Occupy Calls For General Strike Next Week

Last General Strike brought tens of thousands of people to march on Oakland.

Occupy Oakland members are calling for a general strike on Tuesday  -- May Day -- as a show of unity between union and non-union workers.
    Group members announced their plans at a news conference this  morning at Telegraph Avenue and Broadway, which was the starting point for a  general strike in 1946 as well as for a large Occupy Oakland protest last  Nov. 2 that culminated in a march to the Port of Oakland to shut it down.
    Occupy Oakland is calling for "no work, no school and no business  as usual" on Tuesday.
    Member Steven Angell said, "We want people to get out of work and  get out of school and join us on the street.
    However, Angell said, there aren't any plans to shut down the Port  of Oakland this time around.
    Occupy Oakland members have also said they will attempt to shut  down the Golden Gate Bridge Tuesday if bridge, bus and ferry workers, who are  involved in ongoing labor negotiations with the bridge district, decide to  strike.
    Occupy Oakland spokeswoman Lauren Smith said earlier this week  that the Golden Gate Labor Coalition reached out to the group, citing its  experience organizing massive blockades.
    "Occupy Oakland has and will continue to support picket lines,"  Smith said. "We stand in solidarity with workers."
    The website for Occupy Oakland states that buses will be available  Tuesday morning to take protesters from Oakland to the bridge.
    Golden Gate Bridge Highway and Transportation District spokeswoman  Mary Currie declined to comment on the negotiations earlier this week but  said district officials were preparing for the potential strike.
    "All I can say is that it is unlawful and it will not be tolerated  or allowed," she said.
    "We need to work on our union situation, not play it out in the  media or play it out with a closure or potential closure," Currie said.
    Angell said Occupy Oakland is planning "decentralized actions"  leaving from three or four key commercial areas outside of downtown Oakland  at 9 a.m.
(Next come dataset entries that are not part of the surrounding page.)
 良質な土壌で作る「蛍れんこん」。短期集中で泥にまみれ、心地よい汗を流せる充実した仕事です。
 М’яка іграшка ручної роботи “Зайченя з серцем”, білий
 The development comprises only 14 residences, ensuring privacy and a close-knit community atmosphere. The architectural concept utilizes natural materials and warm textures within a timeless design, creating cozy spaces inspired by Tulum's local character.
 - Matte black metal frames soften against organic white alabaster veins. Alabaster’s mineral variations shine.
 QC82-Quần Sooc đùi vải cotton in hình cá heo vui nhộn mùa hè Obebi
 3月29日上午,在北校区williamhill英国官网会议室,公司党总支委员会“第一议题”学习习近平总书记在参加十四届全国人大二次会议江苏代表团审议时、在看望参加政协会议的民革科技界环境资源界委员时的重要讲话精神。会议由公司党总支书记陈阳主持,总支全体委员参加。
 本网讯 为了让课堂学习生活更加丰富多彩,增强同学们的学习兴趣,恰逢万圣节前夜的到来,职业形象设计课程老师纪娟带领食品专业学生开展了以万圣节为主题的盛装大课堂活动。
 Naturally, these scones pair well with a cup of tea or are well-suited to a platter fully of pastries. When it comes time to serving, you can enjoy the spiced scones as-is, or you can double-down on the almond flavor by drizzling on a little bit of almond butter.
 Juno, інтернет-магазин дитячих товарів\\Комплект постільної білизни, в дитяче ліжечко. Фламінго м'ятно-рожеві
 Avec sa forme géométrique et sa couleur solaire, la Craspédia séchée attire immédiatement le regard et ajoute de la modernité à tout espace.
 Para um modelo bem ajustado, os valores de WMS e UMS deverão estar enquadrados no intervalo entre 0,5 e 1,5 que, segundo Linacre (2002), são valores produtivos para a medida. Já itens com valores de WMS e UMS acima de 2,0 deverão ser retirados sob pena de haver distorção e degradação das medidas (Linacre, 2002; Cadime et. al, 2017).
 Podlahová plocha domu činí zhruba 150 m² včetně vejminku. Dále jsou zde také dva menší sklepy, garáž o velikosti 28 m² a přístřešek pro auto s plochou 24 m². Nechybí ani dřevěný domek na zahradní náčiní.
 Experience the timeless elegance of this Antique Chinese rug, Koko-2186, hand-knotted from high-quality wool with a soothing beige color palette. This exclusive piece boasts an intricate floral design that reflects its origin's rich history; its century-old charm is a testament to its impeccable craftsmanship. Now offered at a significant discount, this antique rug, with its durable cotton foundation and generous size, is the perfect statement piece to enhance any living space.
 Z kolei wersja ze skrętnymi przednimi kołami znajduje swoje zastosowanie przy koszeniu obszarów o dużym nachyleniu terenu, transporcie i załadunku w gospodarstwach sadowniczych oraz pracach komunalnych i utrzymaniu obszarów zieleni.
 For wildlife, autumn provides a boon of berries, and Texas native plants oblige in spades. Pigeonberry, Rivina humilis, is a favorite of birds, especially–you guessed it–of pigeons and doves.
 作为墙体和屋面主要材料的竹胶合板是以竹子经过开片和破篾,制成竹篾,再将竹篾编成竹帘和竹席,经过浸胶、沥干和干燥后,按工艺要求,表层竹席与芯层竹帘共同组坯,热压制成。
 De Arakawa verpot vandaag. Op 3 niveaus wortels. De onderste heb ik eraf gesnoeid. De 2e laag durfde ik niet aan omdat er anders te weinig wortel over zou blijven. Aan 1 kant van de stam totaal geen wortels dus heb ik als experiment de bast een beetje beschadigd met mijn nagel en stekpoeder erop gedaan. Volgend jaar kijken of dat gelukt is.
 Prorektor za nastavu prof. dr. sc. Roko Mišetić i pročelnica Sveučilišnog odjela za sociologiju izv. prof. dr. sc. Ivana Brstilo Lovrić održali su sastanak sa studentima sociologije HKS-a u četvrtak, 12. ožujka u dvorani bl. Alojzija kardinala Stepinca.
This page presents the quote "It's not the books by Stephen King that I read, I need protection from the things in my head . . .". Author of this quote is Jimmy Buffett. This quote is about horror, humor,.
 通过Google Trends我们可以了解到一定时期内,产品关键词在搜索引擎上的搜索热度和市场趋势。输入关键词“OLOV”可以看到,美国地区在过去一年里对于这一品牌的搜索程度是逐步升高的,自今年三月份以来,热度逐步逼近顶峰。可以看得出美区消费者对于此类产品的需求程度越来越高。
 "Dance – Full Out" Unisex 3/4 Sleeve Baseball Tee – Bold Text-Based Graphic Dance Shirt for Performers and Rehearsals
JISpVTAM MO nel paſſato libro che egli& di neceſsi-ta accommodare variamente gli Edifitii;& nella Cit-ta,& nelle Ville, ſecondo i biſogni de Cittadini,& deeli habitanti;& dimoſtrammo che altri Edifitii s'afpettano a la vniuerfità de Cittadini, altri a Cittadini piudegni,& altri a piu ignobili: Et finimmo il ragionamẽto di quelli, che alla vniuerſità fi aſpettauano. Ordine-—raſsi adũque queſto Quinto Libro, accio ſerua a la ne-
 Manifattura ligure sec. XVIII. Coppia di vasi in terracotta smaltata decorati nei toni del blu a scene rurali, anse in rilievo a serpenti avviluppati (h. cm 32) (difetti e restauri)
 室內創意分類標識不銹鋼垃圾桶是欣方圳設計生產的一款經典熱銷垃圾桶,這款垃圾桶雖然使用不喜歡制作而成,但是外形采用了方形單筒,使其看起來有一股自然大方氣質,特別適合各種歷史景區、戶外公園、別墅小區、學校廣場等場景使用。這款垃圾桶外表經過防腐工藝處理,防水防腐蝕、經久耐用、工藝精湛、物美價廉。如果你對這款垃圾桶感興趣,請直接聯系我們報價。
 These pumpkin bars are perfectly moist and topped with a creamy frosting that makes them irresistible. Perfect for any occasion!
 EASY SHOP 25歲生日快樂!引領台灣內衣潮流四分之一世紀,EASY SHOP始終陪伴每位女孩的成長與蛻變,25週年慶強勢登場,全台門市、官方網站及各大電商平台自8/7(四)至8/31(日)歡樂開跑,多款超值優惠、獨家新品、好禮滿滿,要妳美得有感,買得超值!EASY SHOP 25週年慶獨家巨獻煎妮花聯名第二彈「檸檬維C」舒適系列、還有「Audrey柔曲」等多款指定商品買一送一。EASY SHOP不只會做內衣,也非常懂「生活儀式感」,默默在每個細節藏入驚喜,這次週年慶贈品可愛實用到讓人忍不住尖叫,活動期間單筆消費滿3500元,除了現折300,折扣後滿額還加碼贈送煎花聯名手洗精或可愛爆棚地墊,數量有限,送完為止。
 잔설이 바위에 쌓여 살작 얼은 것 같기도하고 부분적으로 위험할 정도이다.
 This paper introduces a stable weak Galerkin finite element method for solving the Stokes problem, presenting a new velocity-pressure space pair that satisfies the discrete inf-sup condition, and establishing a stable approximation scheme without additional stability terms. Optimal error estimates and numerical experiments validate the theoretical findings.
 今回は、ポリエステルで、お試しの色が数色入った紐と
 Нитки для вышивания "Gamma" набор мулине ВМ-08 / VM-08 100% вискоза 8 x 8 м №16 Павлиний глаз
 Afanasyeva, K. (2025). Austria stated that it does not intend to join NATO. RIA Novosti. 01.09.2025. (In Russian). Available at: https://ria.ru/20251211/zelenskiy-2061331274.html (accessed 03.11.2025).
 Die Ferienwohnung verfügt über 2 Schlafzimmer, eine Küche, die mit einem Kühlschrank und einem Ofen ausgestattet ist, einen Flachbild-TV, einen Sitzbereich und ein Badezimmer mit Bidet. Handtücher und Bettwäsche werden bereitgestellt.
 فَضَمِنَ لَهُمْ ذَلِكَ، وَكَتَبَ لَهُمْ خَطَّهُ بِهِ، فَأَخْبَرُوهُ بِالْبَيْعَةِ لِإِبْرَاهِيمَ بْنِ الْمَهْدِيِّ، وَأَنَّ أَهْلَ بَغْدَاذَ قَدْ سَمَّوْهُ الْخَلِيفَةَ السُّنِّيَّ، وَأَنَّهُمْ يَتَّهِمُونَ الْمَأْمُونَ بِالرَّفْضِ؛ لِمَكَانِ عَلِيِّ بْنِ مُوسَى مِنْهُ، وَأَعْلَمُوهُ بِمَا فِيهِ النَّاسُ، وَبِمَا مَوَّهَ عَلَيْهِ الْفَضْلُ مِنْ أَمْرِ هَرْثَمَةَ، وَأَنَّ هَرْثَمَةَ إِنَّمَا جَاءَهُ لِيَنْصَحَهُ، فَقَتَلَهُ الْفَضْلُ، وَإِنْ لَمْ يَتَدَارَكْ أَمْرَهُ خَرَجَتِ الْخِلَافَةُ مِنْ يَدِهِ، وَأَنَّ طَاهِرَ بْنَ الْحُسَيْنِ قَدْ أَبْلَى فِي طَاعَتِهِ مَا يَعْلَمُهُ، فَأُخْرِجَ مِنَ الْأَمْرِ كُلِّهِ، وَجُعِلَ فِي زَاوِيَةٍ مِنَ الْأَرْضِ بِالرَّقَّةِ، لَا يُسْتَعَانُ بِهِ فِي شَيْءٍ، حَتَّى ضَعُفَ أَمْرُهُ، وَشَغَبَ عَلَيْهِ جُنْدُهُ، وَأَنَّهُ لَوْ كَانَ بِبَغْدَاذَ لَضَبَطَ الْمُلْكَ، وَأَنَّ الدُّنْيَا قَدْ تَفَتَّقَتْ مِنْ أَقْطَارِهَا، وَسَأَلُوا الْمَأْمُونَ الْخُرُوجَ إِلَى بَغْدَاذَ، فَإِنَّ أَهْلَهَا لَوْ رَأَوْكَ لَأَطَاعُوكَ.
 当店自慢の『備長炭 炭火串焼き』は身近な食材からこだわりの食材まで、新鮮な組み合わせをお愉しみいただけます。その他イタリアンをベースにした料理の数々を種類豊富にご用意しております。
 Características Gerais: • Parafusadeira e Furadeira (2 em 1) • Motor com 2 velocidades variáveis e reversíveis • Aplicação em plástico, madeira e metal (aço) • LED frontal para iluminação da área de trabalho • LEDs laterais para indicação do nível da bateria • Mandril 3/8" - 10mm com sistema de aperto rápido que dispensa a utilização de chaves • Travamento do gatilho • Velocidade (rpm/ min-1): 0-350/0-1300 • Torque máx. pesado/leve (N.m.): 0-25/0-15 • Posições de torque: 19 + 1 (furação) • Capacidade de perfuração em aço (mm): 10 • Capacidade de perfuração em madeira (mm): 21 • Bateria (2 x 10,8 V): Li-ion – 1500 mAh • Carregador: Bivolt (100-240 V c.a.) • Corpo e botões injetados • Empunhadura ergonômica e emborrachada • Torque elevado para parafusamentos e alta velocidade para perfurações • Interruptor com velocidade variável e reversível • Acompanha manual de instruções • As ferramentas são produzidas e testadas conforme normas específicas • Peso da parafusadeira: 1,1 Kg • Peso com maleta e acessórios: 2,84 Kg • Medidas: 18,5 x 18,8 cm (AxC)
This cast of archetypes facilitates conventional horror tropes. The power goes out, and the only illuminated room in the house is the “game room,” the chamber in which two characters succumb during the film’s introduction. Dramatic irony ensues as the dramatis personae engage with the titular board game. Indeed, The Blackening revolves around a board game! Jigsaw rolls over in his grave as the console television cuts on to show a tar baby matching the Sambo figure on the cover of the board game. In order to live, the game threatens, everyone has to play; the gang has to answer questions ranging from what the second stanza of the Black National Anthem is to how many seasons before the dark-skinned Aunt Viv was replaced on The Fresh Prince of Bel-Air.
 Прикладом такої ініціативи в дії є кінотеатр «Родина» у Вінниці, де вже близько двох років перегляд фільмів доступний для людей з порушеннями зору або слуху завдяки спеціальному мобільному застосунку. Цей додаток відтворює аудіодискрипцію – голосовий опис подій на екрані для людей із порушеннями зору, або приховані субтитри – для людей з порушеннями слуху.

Tuesday.
    Those actions could take the form of strike enforcement brigades,  such as pickets, blockades and marches, he said.
    There will be a mass rally from noon until 1 p.m. at 14th Street  and Broadway, and there will be themed actions and marches around downtown  from 1 p.m. to 3 p.m.
    At 3 p.m., Occupy Oakland protesters are encouraged to join the  "March for Dignity and Resistance," which is stressing worker and immigration  rights.
    That march will begin at the Fruitvale Plaza, continue to San  Antonio Park, on Foothill Boulevard between 16th and 18th avenues, and wind  up in downtown Oakland.
    Angell said Occupy Oakland protesters and participants in the  March for Dignity and Resistance will then converge downtown between 6 p.m.  and 7 p.m.